Specialized training will help environmental health scientists take advantage of the promise of big data, according to an interdisciplinary group of researchers who gathered Aug. 15-16 at NIEHS.
Experts in data science, epidemiology, genetics, biostatistics, and other fields exchanged insights about training students, postdoctoral researchers, and junior faculty to be the next generation of environmental health scientists. Discussion also focused on how to increase data science skills among biomedical scientists focused on environmental health studies, at all educational levels.

Organizers in the NIEHS Division of Extramural Research and Training (DERT) sought to develop strategic recommendations for data science training and NIEHS priorities, said organizer Carol Shreffler, Ph.D., the DERT program director for training and career development.
NIEHS and National Toxicology Program Director Linda Birnbaum, Ph.D., challenged participants in her welcoming remarks. “Work with us to develop an overall strategy to build data science-competent environmental health science workforce,” she said, pointing out that the 2018-2023 NIEHS Strategic Plan (see related story) names data science as a key goal in each of its focus areas.
Participants responded enthusiastically. “Everyone is grappling with the issue of how best to incorporate more data science training into biomedical programs,” reported Jenny Collins, from DERT and a member of the organizing committee.
The challenge of data
As vast amounts of data are generated by rapidly developing technology, the relatively new field of data science is meeting the challenges of sharing, accessing, analyzing, and interpreting big data.

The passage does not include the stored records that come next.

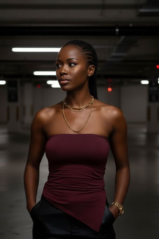 טופ סטרפלס מחמיא ומדויק, עשוי מבד אלסטי איכותי שנמתח ומתלבש בצורה מושלמת על הגוף. הגזרה צמודה ומעצבת, עם חלק תחתון אלכסוני שמאריך את קו הגוף ויוצר מראה נשי, מחוטב וסטייליסטי. מתאים למידות 34–40 בזכות הגמישות של הבד.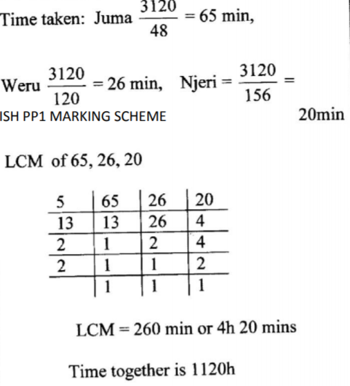 2. Three people Juma, Weru and Njeri went round a circular racing track, 3. 12km long. They all started from the same point and moved in the same direction. Juma walked at 48m per minute,Weru ran at 120m per minute while Njeri cycled at 156m per minute.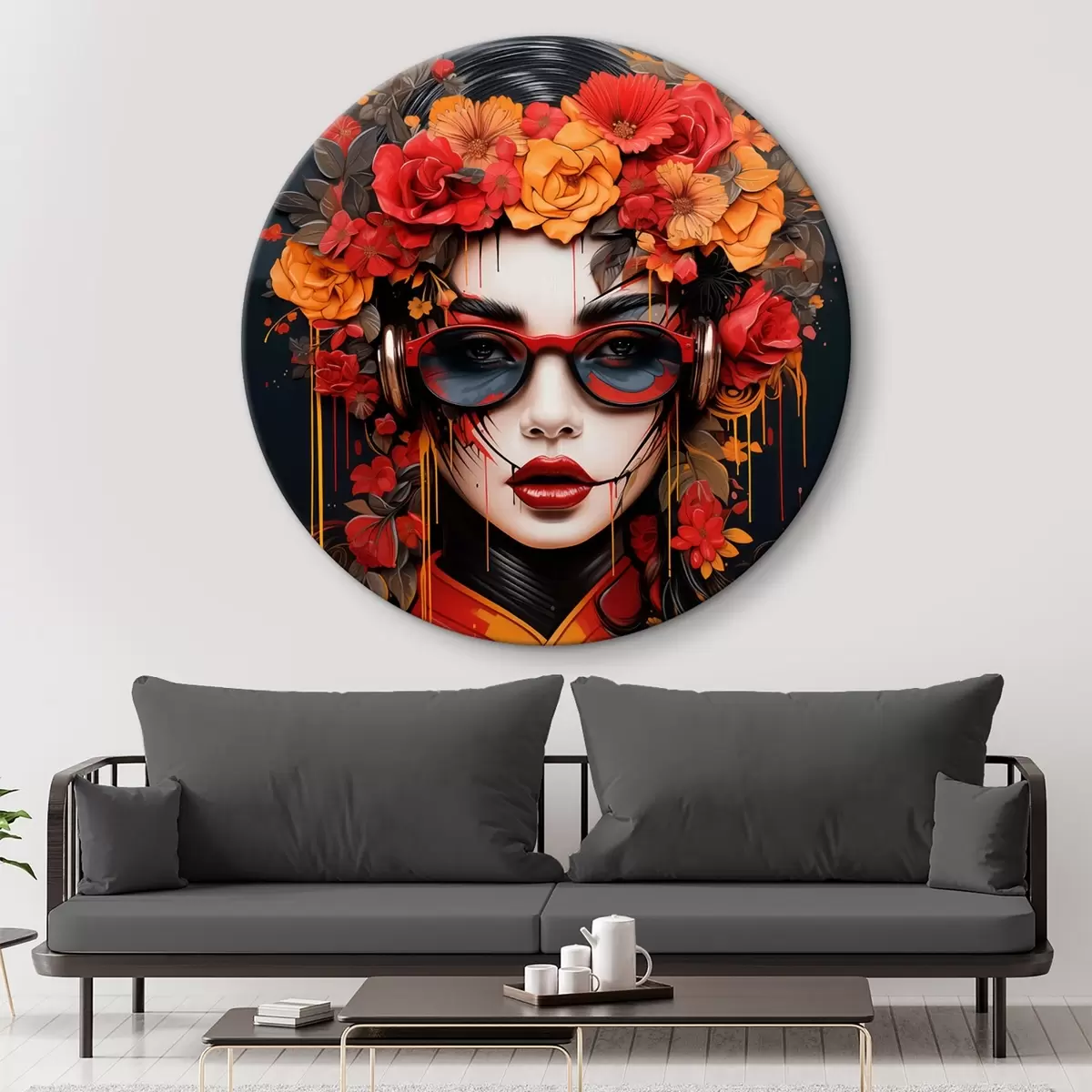 Tableaux rondes Femme avec des fleurs sur la tête, style street art Nr r43362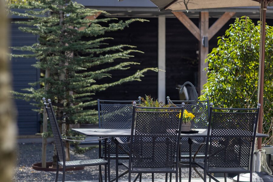 - Fraai aangelegde tuin met bijgebouw met veranda en buitenkeuken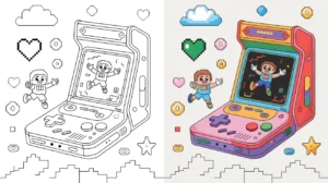 Frame colored pages or hang them as posters — perfect for gaming fans.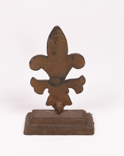 Vintage cast iron Fleur-de-Lis bookend, a stylish and sturdy piece for any bookshelf. Rustic finish, excellent condition.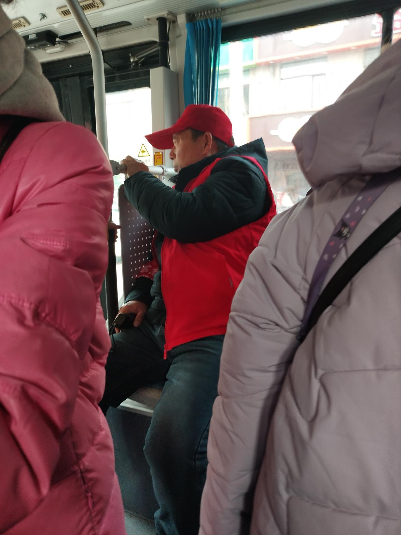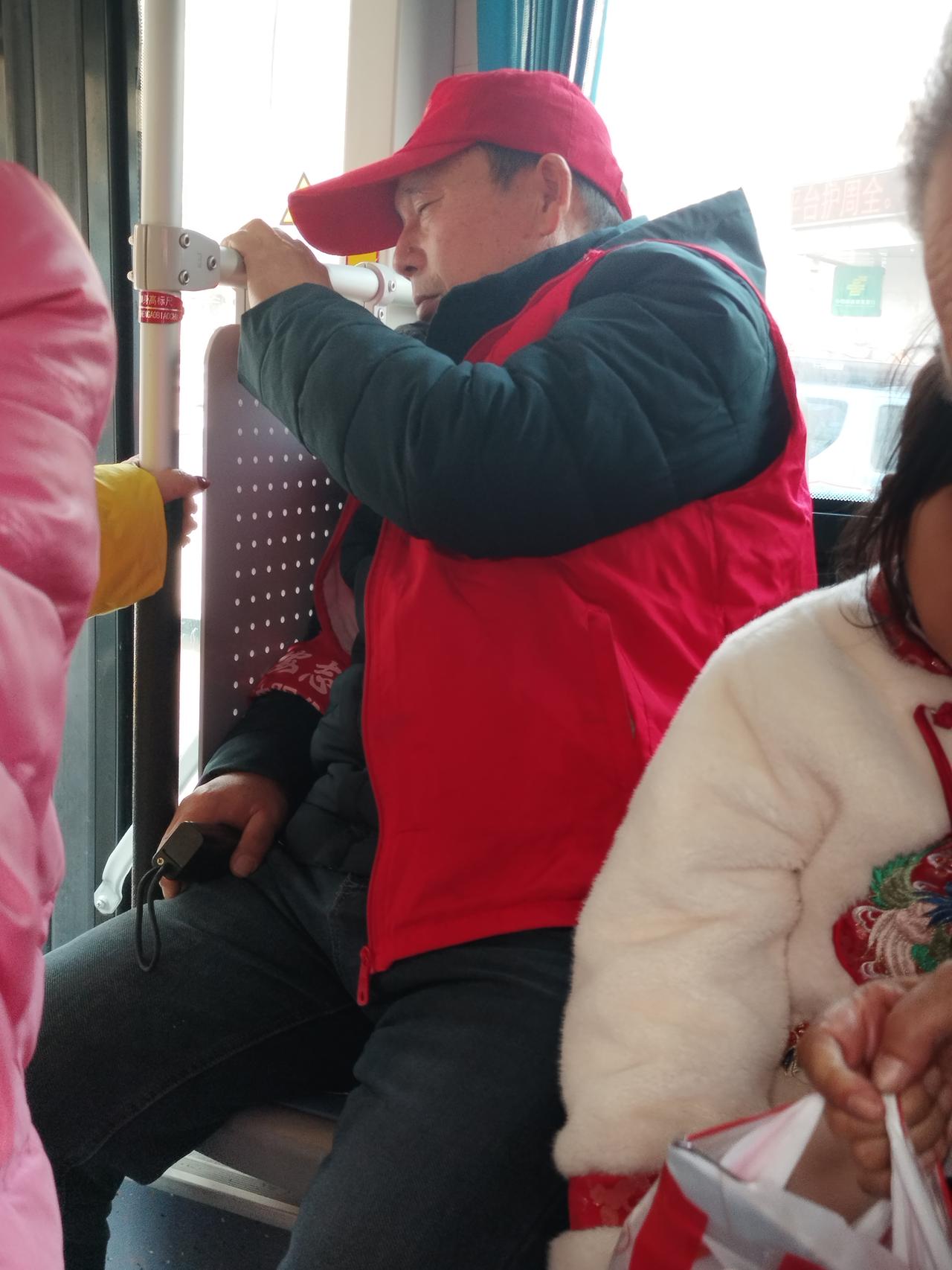 看着公交车上人满为患。 上车的头一个座,却坐着这么一个穿红马甲的人。 不知道这是干什么的人,执行什么任务,坐在座儿上直门儿睡觉。 车上人太满了,都挤不上来,却有这么一个多余的人,还占了一个座位,有什么用呢? 真不知道沈阳公交每个公交车上安排这么个人有啥用?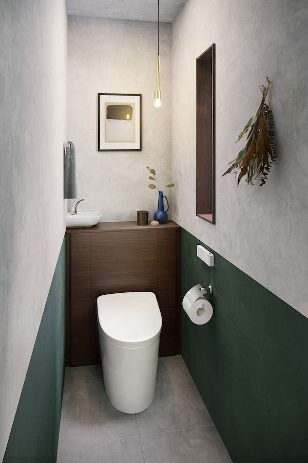 床から浮かせたフローティングデザインの「レストパルF」は、側面の継ぎ目をなくし、滑らかで丸みのあるフォルムに仕上げた。さらに、便器背面のキャビネットに強固な取付スタンドを組み込むことで、工事の負荷を軽減する。

For example, Marie Lynn Miranda, Ph.D., from Rice University, demonstrated how big data can reframe research questions. She reported that racial isolation is geographically associated with fundamental causes of racial disparities in health. “This shifts the conversation from race, which is nonmodifiable, to the experience of minorities in segregated communities, which is modifiable,” she said.
The National Institutes of Health (NIH) Big Data to Knowledge (BD2K) Initiative made early efforts to address the skills gap in biomedical data science expertise through investments in training and education.
“Methods work really well until you encounter real data,” said BD2K grantee John Quackenbush, Ph.D., from the Harvard T.H. Chan School of Public Health. He explained how epidemiology and laboratory projects help students understand the challenges they will face.
The challenge of education
Speakers discussed challenges such as course development, recruitment of students and lab members, funding strategies, and attracting and retaining data science students in environmental health sciences, or EHS.
“I’ve never seen a generation of students that cares more about making a difference in the world,” said Miranda.
“EHS is perceived as being more meaningful and interesting, but students are worried about salary levels,” said Jim Gauderman, Ph.D., from the University of Southern California. His experience suggests that early successes are important. “Published papers, software development, etc., help trainees feel both value and success,” he said.

Partnership is key
“EHS researchers draw on data from genetic sequences to geographic data to survey data,” said attendee Lisa Federer, from the National Library of Medicine (NLM). “Data science involves many different types of expertise and knowledge, and there’s not just one training model.” Her suggestion that data science training will require engaging with researchers who have not typically worked with NIH was echoed by others.
Society of Toxicology (SOT) Vice-President Ronald Hines, Ph.D., from the U.S. Environmental Protection Agency, said that SOT is reaching out to other societies for symposia collaborations. Similarly, Miranda advised NIEHS to exchange ideas with leaders of professional groups in data science, computer science, electrical engineering, and applied mathematics.

The data challenges or hackathons such groups offer could be more widely used in EHS, according to Charles Schmitt, Ph.D., a contractor in the NIEHS Office of Data Science. “In natural language processing, there are conferences that have challenges every year, aimed at advancing the state of the art,” he said. “Results from prior years make a great teaching resource.”
“Partnerships are key,” emphasized grantee Cheryl Walker, Ph.D., from the Baylor College of Medicine and moderator of the meeting’s final session.
“Some of the most powerful and innovative data science research comes out of interdisciplinary teams,” agreed Federer, adding that data science is a major focus of the new NLM strategic plan, and they hope to collaborate with colleagues across NIH.